Fine-tuning Large Language Models (LLMs) refers to the process of retraining a pre-trained language model on a specific task or dataset to adapt it for a particular application. In this example, the Llama2-7b model is finetuned using data-chunks from a set of documents.

Prerequisites¶

This workflow requires an a10 GPU node. Make sure your cluster is equipped with such.
You need to complete the ingestion for your dataset which will be recorded on MLFlow.
On the Terminal application on DKubeX, export the following variables to your workspace by running the following commands on your terminal.
- Replace the <your huggingface token> part with your Huggingface token, and <username> with your DKubeX workspace name.
  Hint
  
  Use the following steps to find your DKubeX API key:
  - Open the DKubeX UI and click on your username on upper-right corner of the UI.
  - Click on the API Key option from the dropdown menu. A pop-up dialog box containing your DKubeX API key will open. Copy and note down this key.
```
export PYTHONWARNINGS="ignore"
export OPENAI_API_KEY="dummy"
export HF_TOKEN="<your huggingface token>"
export NAMESPACE="<username>"
export HOMEDIR=/home/${NAMESPACE}
```

You will need to use a custom python script for getting the chunks to finetune your LLM model. * Create a new script called extract_chunks.py on your workspace using the following command:

cd && touch extract_chunks.py

Provide the following content in the extract_chunks.py script. Once done, save the script.

import mlflow
import requests
import pandas as pd
import csv
import os
import argparse
from mlflow.tracking import MlflowClient
import json
import subprocess
client = MlflowClient()
# Setting mlflow tracking uri
os.environ['MLFLOW_TRACKING_URI'] = "http://d3x-controller.d3x.svc.cluster.local:5000"

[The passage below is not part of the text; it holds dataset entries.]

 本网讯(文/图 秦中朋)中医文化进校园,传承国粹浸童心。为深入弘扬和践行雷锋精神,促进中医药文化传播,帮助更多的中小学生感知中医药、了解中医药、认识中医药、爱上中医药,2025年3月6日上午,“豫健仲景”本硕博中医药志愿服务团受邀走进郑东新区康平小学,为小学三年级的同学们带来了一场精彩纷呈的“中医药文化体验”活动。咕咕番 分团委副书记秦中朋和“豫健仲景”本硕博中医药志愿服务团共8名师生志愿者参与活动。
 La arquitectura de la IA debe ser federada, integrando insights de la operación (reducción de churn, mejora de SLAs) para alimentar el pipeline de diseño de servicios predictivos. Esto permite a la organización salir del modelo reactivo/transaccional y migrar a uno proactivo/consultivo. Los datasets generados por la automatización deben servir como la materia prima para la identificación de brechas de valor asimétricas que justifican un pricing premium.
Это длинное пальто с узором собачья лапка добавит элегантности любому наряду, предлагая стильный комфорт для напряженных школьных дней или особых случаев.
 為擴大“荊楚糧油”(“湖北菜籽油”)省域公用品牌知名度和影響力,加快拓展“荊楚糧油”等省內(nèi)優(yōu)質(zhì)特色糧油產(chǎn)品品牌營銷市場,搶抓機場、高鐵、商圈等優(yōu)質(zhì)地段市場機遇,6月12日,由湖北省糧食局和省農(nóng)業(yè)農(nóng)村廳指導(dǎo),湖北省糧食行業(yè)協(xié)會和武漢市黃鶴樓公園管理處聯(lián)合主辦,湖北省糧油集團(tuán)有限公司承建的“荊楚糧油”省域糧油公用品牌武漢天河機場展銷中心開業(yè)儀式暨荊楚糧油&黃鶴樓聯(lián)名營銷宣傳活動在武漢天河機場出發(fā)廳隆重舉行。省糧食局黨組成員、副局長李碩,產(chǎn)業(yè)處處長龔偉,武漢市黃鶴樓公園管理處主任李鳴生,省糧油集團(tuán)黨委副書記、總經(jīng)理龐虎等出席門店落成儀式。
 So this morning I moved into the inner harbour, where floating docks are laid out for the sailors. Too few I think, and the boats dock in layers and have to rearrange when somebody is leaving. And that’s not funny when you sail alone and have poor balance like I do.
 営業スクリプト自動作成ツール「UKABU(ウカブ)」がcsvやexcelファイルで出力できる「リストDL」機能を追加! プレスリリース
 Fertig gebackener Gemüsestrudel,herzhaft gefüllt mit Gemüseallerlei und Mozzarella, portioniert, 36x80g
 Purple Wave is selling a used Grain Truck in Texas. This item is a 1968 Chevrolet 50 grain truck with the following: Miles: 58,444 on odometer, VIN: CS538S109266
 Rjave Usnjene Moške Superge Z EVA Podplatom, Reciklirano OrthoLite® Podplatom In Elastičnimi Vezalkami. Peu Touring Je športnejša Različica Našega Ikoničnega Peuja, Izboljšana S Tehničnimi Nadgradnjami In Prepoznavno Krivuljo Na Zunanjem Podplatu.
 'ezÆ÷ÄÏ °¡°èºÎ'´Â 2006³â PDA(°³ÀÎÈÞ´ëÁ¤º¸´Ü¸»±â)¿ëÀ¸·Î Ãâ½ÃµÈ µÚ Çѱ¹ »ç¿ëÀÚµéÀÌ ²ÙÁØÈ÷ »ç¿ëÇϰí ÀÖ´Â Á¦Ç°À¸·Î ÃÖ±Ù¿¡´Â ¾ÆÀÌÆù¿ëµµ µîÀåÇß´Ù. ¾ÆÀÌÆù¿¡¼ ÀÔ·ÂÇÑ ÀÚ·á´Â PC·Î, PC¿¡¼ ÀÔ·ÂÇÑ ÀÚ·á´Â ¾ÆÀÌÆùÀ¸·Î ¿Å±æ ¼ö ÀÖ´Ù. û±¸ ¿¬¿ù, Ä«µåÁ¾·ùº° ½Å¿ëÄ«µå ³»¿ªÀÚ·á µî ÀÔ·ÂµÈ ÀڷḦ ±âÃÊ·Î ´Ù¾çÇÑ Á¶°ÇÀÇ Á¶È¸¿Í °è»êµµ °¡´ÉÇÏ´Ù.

def retreive_chunks(vector_id_list, output_csv_path, output_chunks_json, experiment_name, no_of_chunks, cleaned_chunks_dir):
    # Specify your Weaviate server URL
    weaviate_url = "http://weaviate.d3x.svc.cluster.local"

    all_data = []
    all_data_json = []

    chunks_ft_path = "./temp_out/"
    output_json_path = f"./temp_out/0-000000/{output_chunks_json}"

    # Check if the directory exists
    directory = os.path.dirname(output_json_path)
    if not os.path.exists(directory):
        os.makedirs(directory)

    if no_of_chunks is None:
        vector_ids_to_process = vector_id_list

    else:
        vector_ids_to_process = vector_id_list[:no_of_chunks]

    for vector_id in vector_ids_to_process:
        # Construct the URL for the object retrieval
        url = f"{weaviate_url}/v1/objects/{vector_id}"

        # Make a GET request to retrieve the object
        response = requests.get(url)

        # Check if the request was successful (status code 200)
        if response.status_code == 200:
            # Parse and print the retrieved object
            retrieved_object = response.json()
            #paper_chunks = retrieved_object['properties']['paperchunks']
            paper_chunks = retrieved_object.get('properties', {}).get('paperchunks', '')
            all_data.append({'vector_id': vector_id, 'paper_chunks': paper_chunks})
            all_data_json.append({'chunks': paper_chunks})
        else:
            # Print an error message if the request was not successful
            print(f"Failed to retrieve object. Status code: {response.status_code}, Response: {response.text}")
    # Write the paper_chunks data to a CSV file
    #with open(output_csv_path, 'w', newline='', encoding='utf-8') as csvfile:
    #    csv_writer = csv.writer(csvfile)
    #    csv_writer.writerow(['vector_id','paper_chunks'])  # Write header
    #    csv_writer.writerows([[data['vector_id'], data['paper_chunks']] for data in all_data])
        # Log the CSV file as an artifact in MLflow
    # Write the paper_chunks data to a JSON file
    chunk_size = 500
    chunks = [all_data_json[i:i+chunk_size] for i in range(0, len(all_data_json), chunk_size)]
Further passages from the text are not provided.